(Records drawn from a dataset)
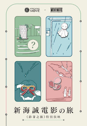 MOVIE6 x Moviematic 有新搞作!今次為大家準備咗新海誠電影之旅,以新海誠作品嘅小物貫穿旅程,最後以《鈴芽之旅》作為終點!觀眾除咗可以優先於上映之前欣賞電影,更會得到MOVIE6 x Moviematic 特地準備嘅特製襟章,一套五款,套票將隨機派發襟章一個,如果想集整一套五款,即場可以去放映當日嘅付費扭蛋專區抽齊五個襟章,將佢地pin落我地嘅特製戲飛到留個記念! 《你的名字。》新海誠監督最新奇幻作!居住在九州的靜謐村莊的17歲少女‧鈴芽,與「正在尋找門扉」的青年‧草太相遇。鈴芽追隨草太來到山中廢墟,發現一道陳舊門扉,而門扉似乎有一股神秘力量,吸引鈴芽向它伸出手… 不久,神秘門扉相繼在日本各地出現。而為了阻止災害從門的另一邊竄出,這些門扉必須被鎖上。在神秘門扉的引導下,鈴芽環遊日本將門上鎖的旅程將要展開…
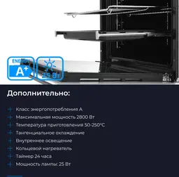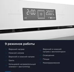 Режимы духовкиВерхний нагрев, Нижний нагрев, Верхний и нижний нагрев, Гриль, Кольцевой нагревательный элемент + вентилятор, Верхний и нижний нагрев с вентилятором, Гриль с конвекцией, Режим Пицца, Размораживание
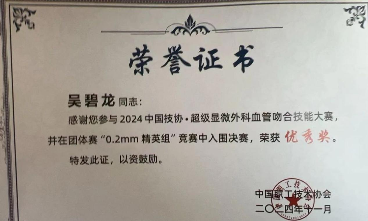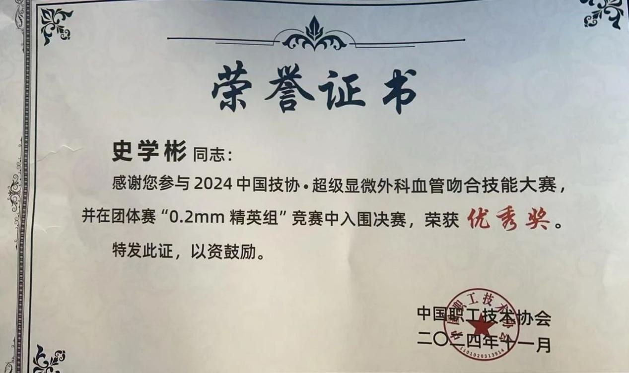 2024年10月31日至11月3日,备受瞩目的2024中国技协·超级显微外科血管吻合技能大赛在郑州隆重开幕。在这场盛大的赛事中,我院选派了技术精湛的手足外科医师吴碧龙和史学彬,他们凭借卓越的技艺和沉稳的心态,成功晋级决赛并斩获佳绩!
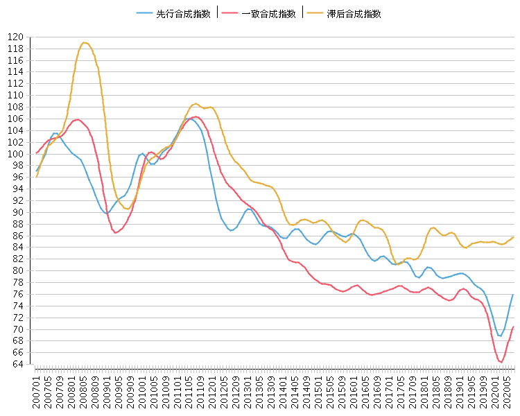 快速消费品行业景气指数显示:2020年7月, 该行业一致合成指数为70.48点(2010年=100), 比上月上升1.42点; 先行合成指数为75.85点(2010年=100), 比上月上升1.74点; 滞后合成指数为85.80点(2010年=100), 比上月上升0.33点。
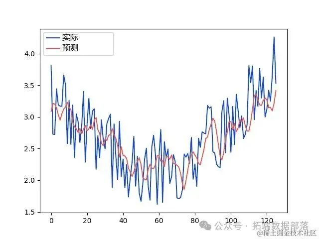 使用tensorflow.keras.models.load_model方法加载了训练好的模型(第32个epoch的模型),并使用gruMODEL.predict方法对测试集X_test进行预测。通过squeeze方法去除预测结果中可能存在的单一维度,然后使用mean_absolute_error计算了预测值与真实值之间的平均绝对误差(MAE),结果为0.02262356696266076。
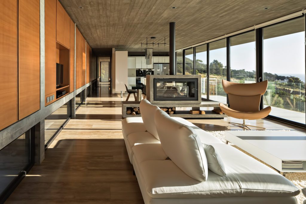 The project consists of an access level in which the common areas are located: living room, dining room and kitchen in a single space, without partitions or columns, in addition to the master bedroom plus its bathroom. The lower level, with access from the outside, contains a family room and secondary bedrooms. The great beam-wall that frames the main facade of the project is, in turn, a long piece of wood furniture that runs throughout the house, serving the enclosures according to their use.

Work item: Your answer should be the exact lines above from the one containing "快速消费品行业景气指数显示:2020年7月, 该行业一致合成指数为70.48点(2010年=100), 比上月上升1.42点;" through the one containing "使用tensorflow.k", with both end lines kept and the pictures removed, please.

Response:
 快速消费品行业景气指数显示:2020年7月, 该行业一致合成指数为70.48点(2010年=100), 比上月上升1.42点; 先行合成指数为75.85点(2010年=100), 比上月上升1.74点; 滞后合成指数为85.80点(2010年=100), 比上月上升0.33点。
 使用tensorflow.keras.models.load_model方法加载了训练好的模型(第32个epoch的模型),并使用gruMODEL.predict方法对测试集X_test进行预测。通过squeeze方法去除预测结果中可能存在的单一维度,然后使用mean_absolute_error计算了预测值与真实值之间的平均绝对误差(MAE),结果为0.02262356696266076。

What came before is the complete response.